We also investigated the detection limits using the antigen arrays (Figure 7). The six antibody mixes were added to either a 10-fold or a 100-fold excess (by total protein mass) of FCS. The high-concentration set was diluted 10-fold, so that the total protein concentration was equivalent in the two sets of protein mixtures. The images at the top of Figure 7 show a detail of a microarray from the analysis of each set. The background is very similar between the images, but the fluorescence intensity of the spots is greatly reduced as the partial and absolute concentration of the cognate antibodies decreases. The graphs below the left image all show good linearity down to 0.3 ng/ml and a 3 × 10-6 partial concentration. The graphs on the right of Figure 7 show similar performance at similar partial concentrations, but more noise at the lowest concentration, where the specific fluorescence signals were low. The level of performance depicted here is representative of about 20 (18%) of the antibody/antigen pairs tested. We conclude from this experiment that detection down to concentrations of 0.1 ng/ml and partial concentrations of 10-6 is possible using antigen arrays. Reduction of total protein concentration below approximately 100 μg/ml did not improve the signal-to-noise ratio.
Discussion
We have shown that a simple microarray assay, using comparative fluorescence, allows simultaneous detection and quantitation of multiple proteins in a miniaturized, low-sample consumption format. Microarrays of antigens allowed detection and quantitation of specific antibodies down to partial concentrations of less than 10-6 and absolute concentrations of 100 pg/ml. Microarrays of antibodies allowed detection and quantitation of cognate antigens at concentrations as low as 1 ng/ml and partial concentrations of 10-6. In comparison to other high-throughput protein detection methods, particularly two-dimensional gel electrophoresis, the detection limit of protein microarrays compares favorably. Around 1 ng of any protein is required for detection on a two-dimensional gel [1]. Several antibodies on the microarray had detection limits around 1 ng/ml, corresponding to an absolute detection limit of only 20 pg of protein, in the 20 μl probe volume.

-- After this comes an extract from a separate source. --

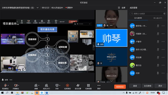 地球观测与信息提取的新理论、技术和方法也属于“十四五”NSFC地球科学部优先发展领域。因此,分析化学课程在地质行业人才培养中的重要地位日益凸显。帅琴教授对本校分析化学课程团队如何结合地质大学人才培养特色及行业需求,紧扣服务国家资源战略和国民经济主战场主题,以提高教学质量建设一流课程为宗旨,进行《分析化学》课程群系列课程建设做了详细介绍。提出根据不同专业需求设计分层教学,结合行业需求补充课程内容,拓展课堂外资源延伸课程边界,创新教学手段推进数字化进程,开展基于探月工程的月壤组成和性质分析虚拟仿真实验研究等课程建设的创新思路和有效举措。介绍了如何结合案例分析,采用翻转课堂、对分课堂等课堂讨论方式,激发学生的潜能,提高综合能力。来自分析化学课程虚拟教研室和化学类专业基础理论课程虚拟教研室的六十余位教师参与了本次教研活动。教研交流最后,国家教学名师、tyc1286太阳成集团王玉枝教授做了总结发言,她充分肯定了中国地质大学分析化学课程团队在行业特色拓展课外资源建设、校企结合实施地质分析卓越计划、基于探月工程的虚拟仿真实验建设和基于课程群的团队建设中所取得的成果,她指出本次教研交流加强了高校分析化学课程教师之间的跨校“交流、互助、共建、共享”,也为新时代背景下,如何面向行业需求来开展课程建设提供了新的思路和实践经验。

Our results suggest directions for further improvement of the accuracy in quantitation, such as the inclusion of internal calibration proteins to control for variation in fluorescent labeling, and the adjustment of dye labeling conditions to reduce the variation. The detection limits are likely to be improved by better passivation of the array surface, by using antibodies with higher affinities, and by reducing the complexity of the protein solution through fractionation. The antibodies we used in this analysis were not optimized for affinity and specificity. Antibodies used in clinical diagnostic applications are commonly selected for affinities orders of magnitude higher than those of the research-grade antibodies we used in this pilot study. The use of clinical-grade high-affinity antibodies in this format would presumably allow a corresponding increase in sensitivity.

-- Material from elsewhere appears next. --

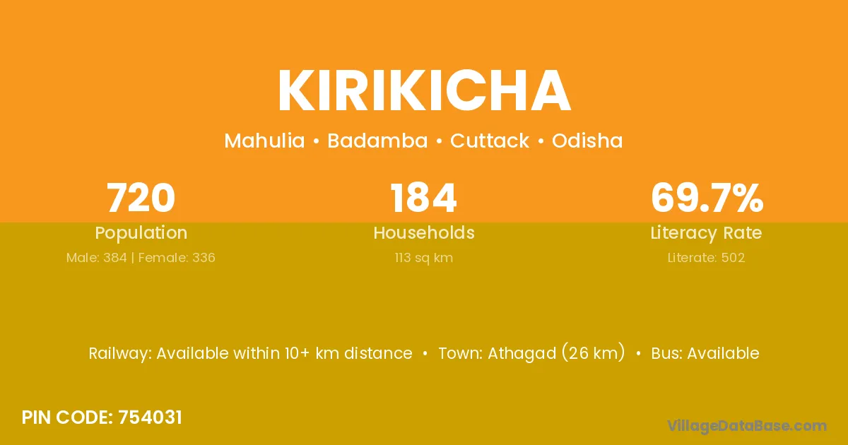 Kirikicha village has a total population of 720 people, of which 384 are males and 336 are females.

Many of the tested antibody/antigen pairs allowed parallel detection of proteins in a microarray format at concentrations suitable for measurement of clinically important proteins in patient samples. For example, concentrations of 15 μg/ml, 5 μg/ml, and 35 μg/ml are routinely used as threshold prognostic values for the breast cancer markers c-erbB-2, CEA, and CA 15.3, respectively [23]. The partial concentration of a protein at 20 μg/ml in the blood serum, using an average total protein concentration of 60 mg/ml, is 3 × 10-4, within the range of 25% of the antibodies tested and 70% of the antigens tested. The prostate cancer marker prostate specific antigen (PSA) is clinically useful in the 10-20 ng/ml range [24], or a partial concentration of 3 × 10-7. The best antibody/antigen pairs tested had detection limits in this range. The prospects for clinical application of antigen microarrays in monitoring antibody response to immunization, infection, or other disorders, are extremely promising. A natural immune response typically yields specific IgG concentrations ranging from approximately 10 ng/ml [25] to over 3 μg/ml, [26] well within the detection limits most of the antigens tested.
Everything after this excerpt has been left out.